If you get a message like this but are unhappy with which
mapping is ignored, a remedy is to craft an alternative map‐
file and re‐run afmtodit using it.
Well, apart from those warnings, that works. Now, I repeat the process
with the Unifont:
[...]
$ make build-pdf-book
GROPDF .tmp/man-pages-6.7-70-gd80376b08.pdf
troff:.tmp/fonts/devpdf/UnifontR: error: font description 'spacewidth'
directive missing
[...]
Did I do anything wrong with the Unifont? I suspect of treating it as a
Regular font without any indication that I should.
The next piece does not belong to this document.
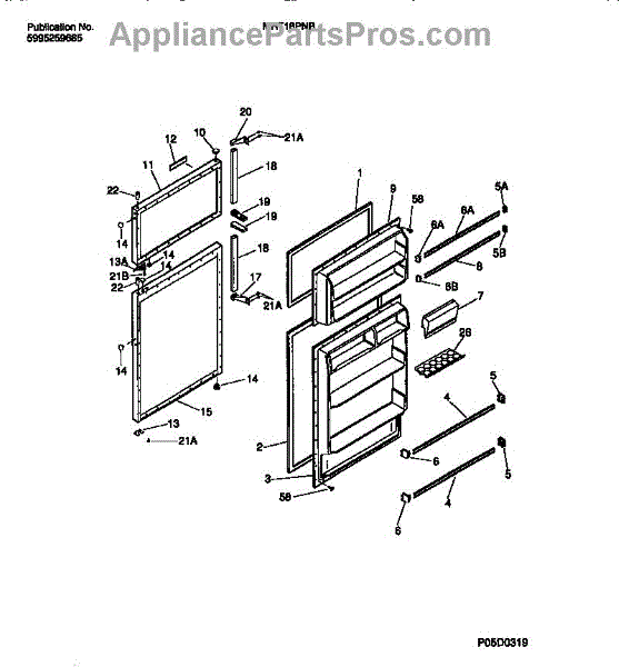 The Door Shelf Support is an OEM part for Frigidaire refrigerators. This part supports the door shelf, providing a sturdy base to hold various items such as bottles, jars, and condiments securely in place on the refrigerator door.
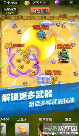 4、武器升级改变攻击模式,相同关卡也能玩出不同套路。

No, you simply need to tell groff how wide a space should be in that
font. In groff, a space is not a kind of glyph, because it doesn't put
any "ink" on the "page"; instead it's a (discardable) horizontal
motion.[1] "Discardable" because if it occurs at the end of an output
line, it is discarded.
If the formatter didn't discard spaces
at the ends of output lines, that would
defeat adjustment to both margins, as
one can observe in this example here.
Note the ragged margin ending the first
line.
afmtodit(1):
-w space‐width
Use space‐width as the width of inter‐word spaces.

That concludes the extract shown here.